For this item, repeat the material exactly while omitting its pictures.

== Data shown ==
◇ ◇ ◇ ◇ ◇

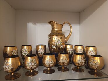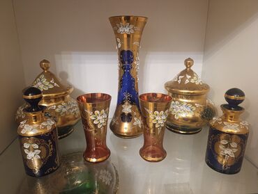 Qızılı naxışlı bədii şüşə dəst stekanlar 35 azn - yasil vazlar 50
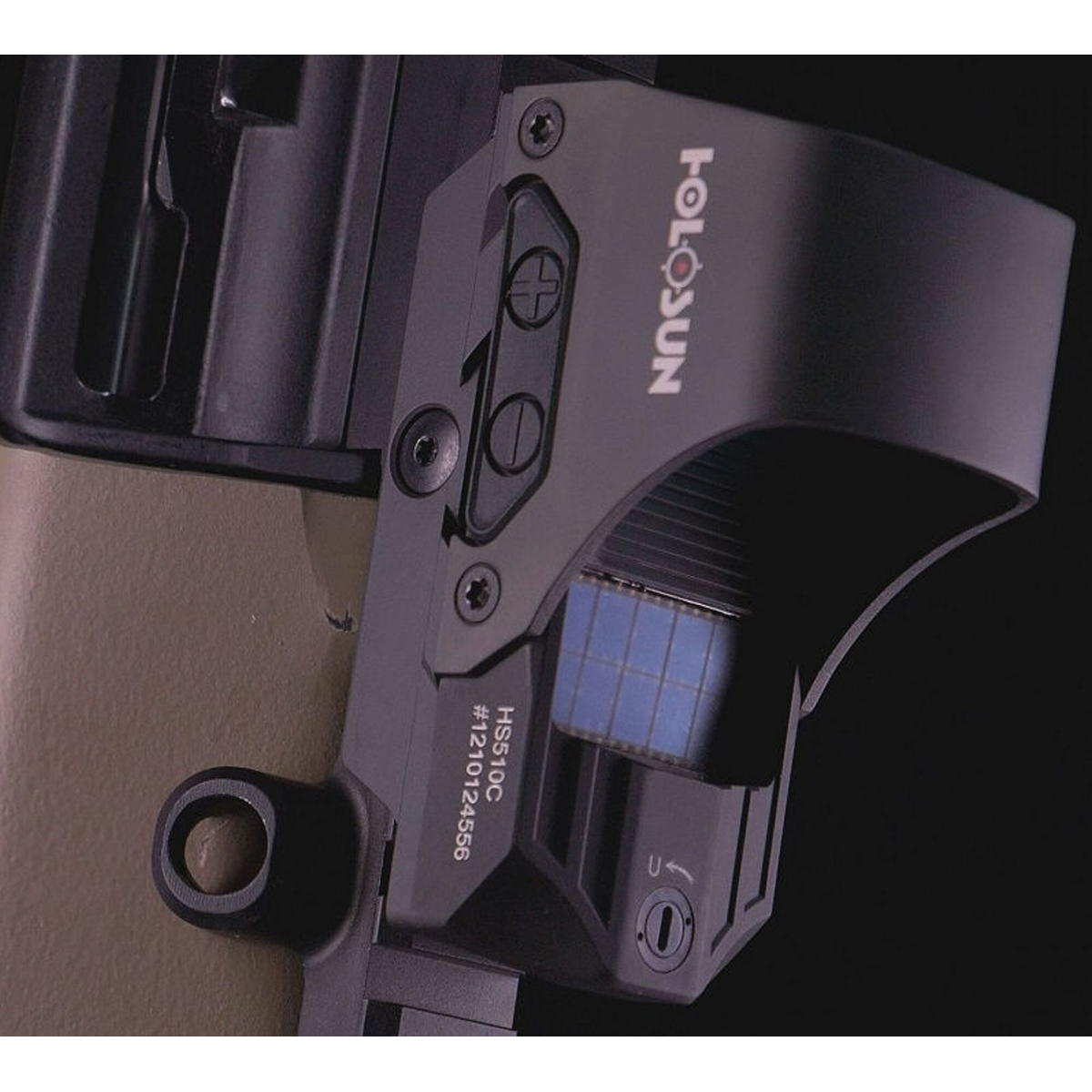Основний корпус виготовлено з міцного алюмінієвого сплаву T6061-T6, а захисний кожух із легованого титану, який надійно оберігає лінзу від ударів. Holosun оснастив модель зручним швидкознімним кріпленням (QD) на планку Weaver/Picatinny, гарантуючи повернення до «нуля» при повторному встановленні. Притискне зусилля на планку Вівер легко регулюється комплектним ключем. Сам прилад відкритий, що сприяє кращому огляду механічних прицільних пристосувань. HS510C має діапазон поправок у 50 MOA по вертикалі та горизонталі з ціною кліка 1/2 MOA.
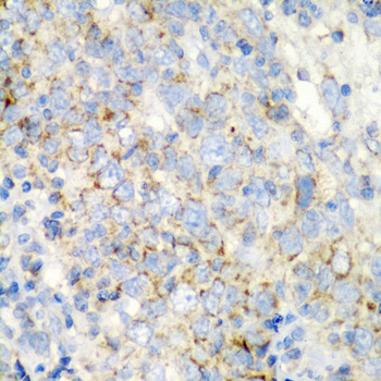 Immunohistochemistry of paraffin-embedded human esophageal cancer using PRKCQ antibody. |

◇ ◇ ◇ ◇ ◇

== Solution below ==
 Qızılı naxışlı bədii şüşə dəst stekanlar 35 azn - yasil vazlar 50
Основний корпус виготовлено з міцного алюмінієвого сплаву T6061-T6, а захисний кожух із легованого титану, який надійно оберігає лінзу від ударів. Holosun оснастив модель зручним швидкознімним кріпленням (QD) на планку Weaver/Picatinny, гарантуючи повернення до «нуля» при повторному встановленні. Притискне зусилля на планку Вівер легко регулюється комплектним ключем. Сам прилад відкритий, що сприяє кращому огляду механічних прицільних пристосувань. HS510C має діапазон поправок у 50 MOA по вертикалі та горизонталі з ціною кліка 1/2 MOA.
 Immunohistochemistry of paraffin-embedded human esophageal cancer using PRKCQ antibody. |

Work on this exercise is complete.